Given records
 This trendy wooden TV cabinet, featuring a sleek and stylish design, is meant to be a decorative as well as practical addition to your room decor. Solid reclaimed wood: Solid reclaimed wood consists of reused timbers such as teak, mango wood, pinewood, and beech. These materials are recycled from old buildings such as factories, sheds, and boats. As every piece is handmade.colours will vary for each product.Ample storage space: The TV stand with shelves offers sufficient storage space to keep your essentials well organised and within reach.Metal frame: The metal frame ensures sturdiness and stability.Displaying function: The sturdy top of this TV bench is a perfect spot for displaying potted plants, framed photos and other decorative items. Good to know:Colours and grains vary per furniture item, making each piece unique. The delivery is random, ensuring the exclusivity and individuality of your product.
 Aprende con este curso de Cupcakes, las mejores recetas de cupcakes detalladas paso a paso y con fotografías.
--
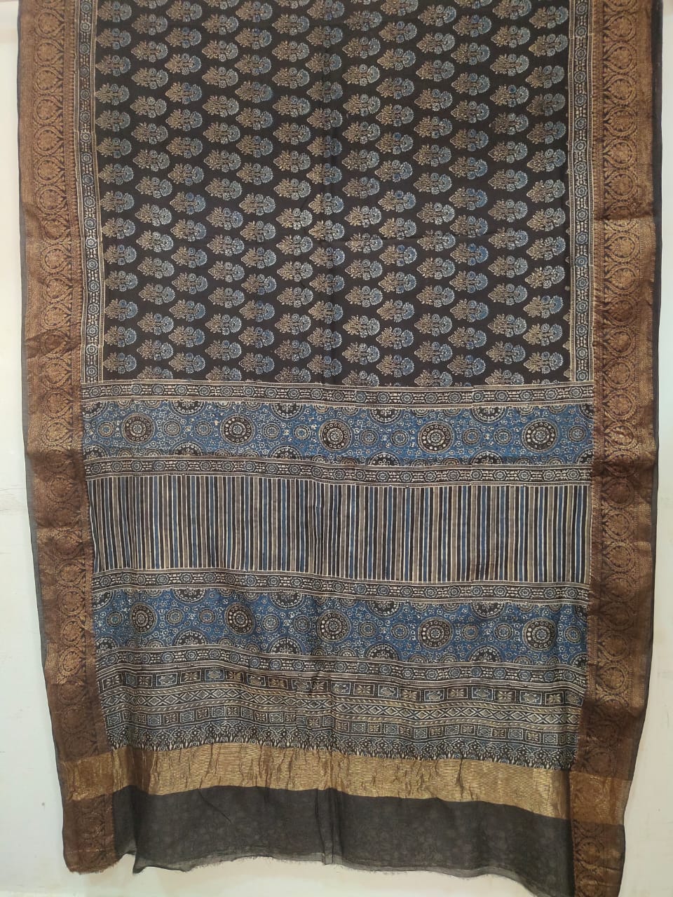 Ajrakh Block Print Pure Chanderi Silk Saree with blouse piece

Activity
Given the records above, return exactly the lines starting at the line containing "This trendy wooden" and ending at the line containing "Aprende con este", including both.

Expected answer
 This trendy wooden TV cabinet, featuring a sleek and stylish design, is meant to be a decorative as well as practical addition to your room decor. Solid reclaimed wood: Solid reclaimed wood consists of reused timbers such as teak, mango wood, pinewood, and beech. These materials are recycled from old buildings such as factories, sheds, and boats. As every piece is handmade.colours will vary for each product.Ample storage space: The TV stand with shelves offers sufficient storage space to keep your essentials well organised and within reach.Metal frame: The metal frame ensures sturdiness and stability.Displaying function: The sturdy top of this TV bench is a perfect spot for displaying potted plants, framed photos and other decorative items. Good to know:Colours and grains vary per furniture item, making each piece unique. The delivery is random, ensuring the exclusivity and individuality of your product.
 Aprende con este curso de Cupcakes, las mejores recetas de cupcakes detalladas paso a paso y con fotografías.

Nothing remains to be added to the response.